Return the lines that run from the line containing "Adorno con frase" through the end of the entries, both ends included. Leave out all pictures.

- [Data for review]
↓
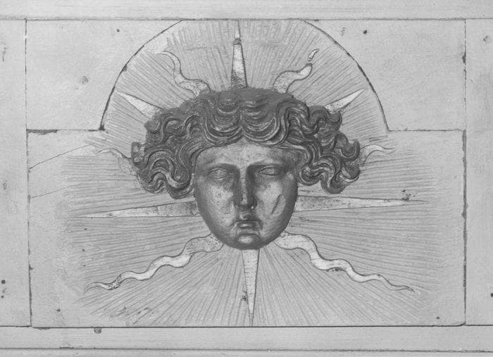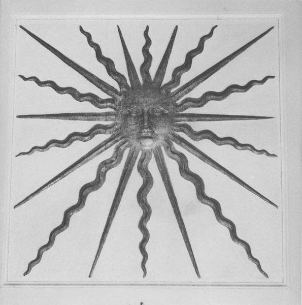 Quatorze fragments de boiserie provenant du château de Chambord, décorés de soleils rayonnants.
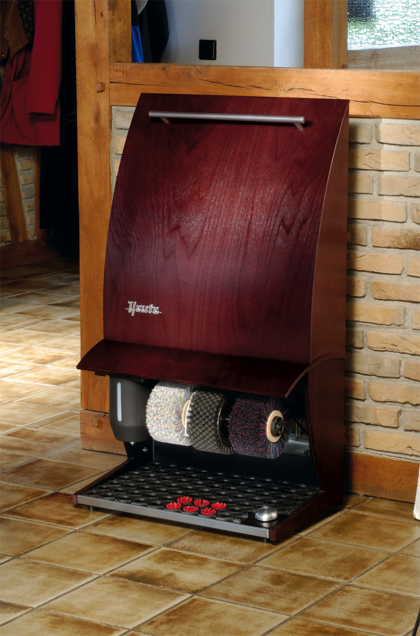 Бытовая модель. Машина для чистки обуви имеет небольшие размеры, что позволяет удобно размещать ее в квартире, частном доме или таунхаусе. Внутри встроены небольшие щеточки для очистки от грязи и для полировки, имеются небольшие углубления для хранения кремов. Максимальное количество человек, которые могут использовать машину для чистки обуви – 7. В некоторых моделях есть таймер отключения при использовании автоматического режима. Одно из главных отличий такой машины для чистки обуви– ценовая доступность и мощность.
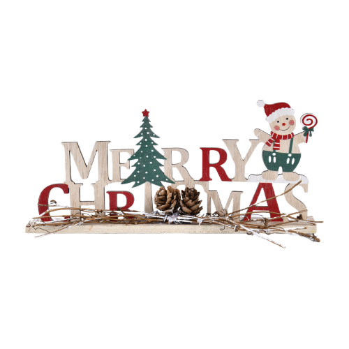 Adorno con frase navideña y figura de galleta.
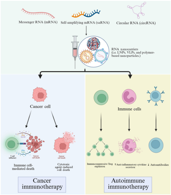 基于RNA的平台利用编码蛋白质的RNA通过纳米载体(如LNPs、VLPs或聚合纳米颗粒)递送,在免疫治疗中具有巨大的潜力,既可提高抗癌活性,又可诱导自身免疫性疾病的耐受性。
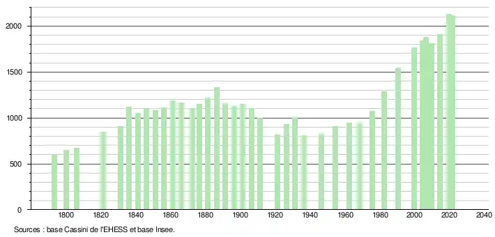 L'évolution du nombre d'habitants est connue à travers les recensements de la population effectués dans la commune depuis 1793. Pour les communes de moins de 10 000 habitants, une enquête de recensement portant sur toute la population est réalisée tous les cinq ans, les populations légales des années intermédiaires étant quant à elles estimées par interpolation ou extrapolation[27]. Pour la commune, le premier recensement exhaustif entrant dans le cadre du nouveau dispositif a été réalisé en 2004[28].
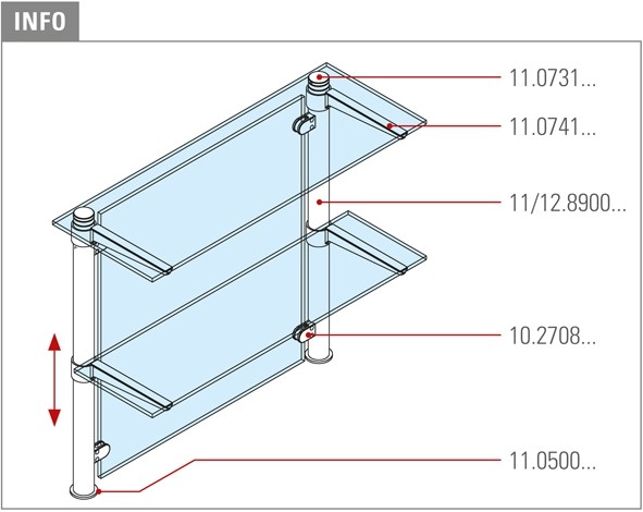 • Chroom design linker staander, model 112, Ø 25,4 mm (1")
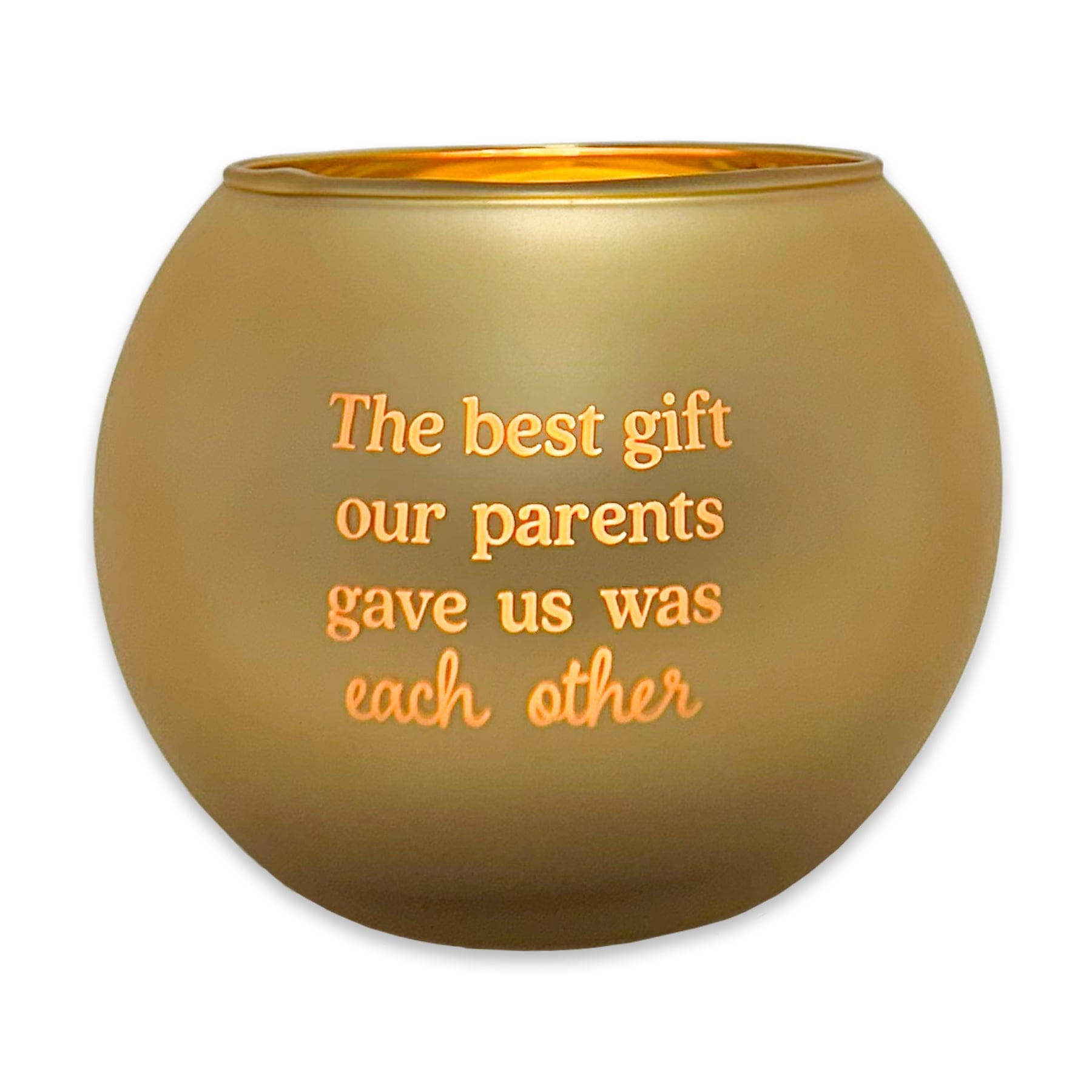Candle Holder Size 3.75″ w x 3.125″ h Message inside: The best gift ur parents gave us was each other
↑
- [Exercise solution]
 Adorno con frase navideña y figura de galleta.
 基于RNA的平台利用编码蛋白质的RNA通过纳米载体(如LNPs、VLPs或聚合纳米颗粒)递送,在免疫治疗中具有巨大的潜力,既可提高抗癌活性,又可诱导自身免疫性疾病的耐受性。
 L'évolution du nombre d'habitants est connue à travers les recensements de la population effectués dans la commune depuis 1793. Pour les communes de moins de 10 000 habitants, une enquête de recensement portant sur toute la population est réalisée tous les cinq ans, les populations légales des années intermédiaires étant quant à elles estimées par interpolation ou extrapolation[27]. Pour la commune, le premier recensement exhaustif entrant dans le cadre du nouveau dispositif a été réalisé en 2004[28].
 • Chroom design linker staander, model 112, Ø 25,4 mm (1")
Candle Holder Size 3.75″ w x 3.125″ h Message inside: The best gift ur parents gave us was each other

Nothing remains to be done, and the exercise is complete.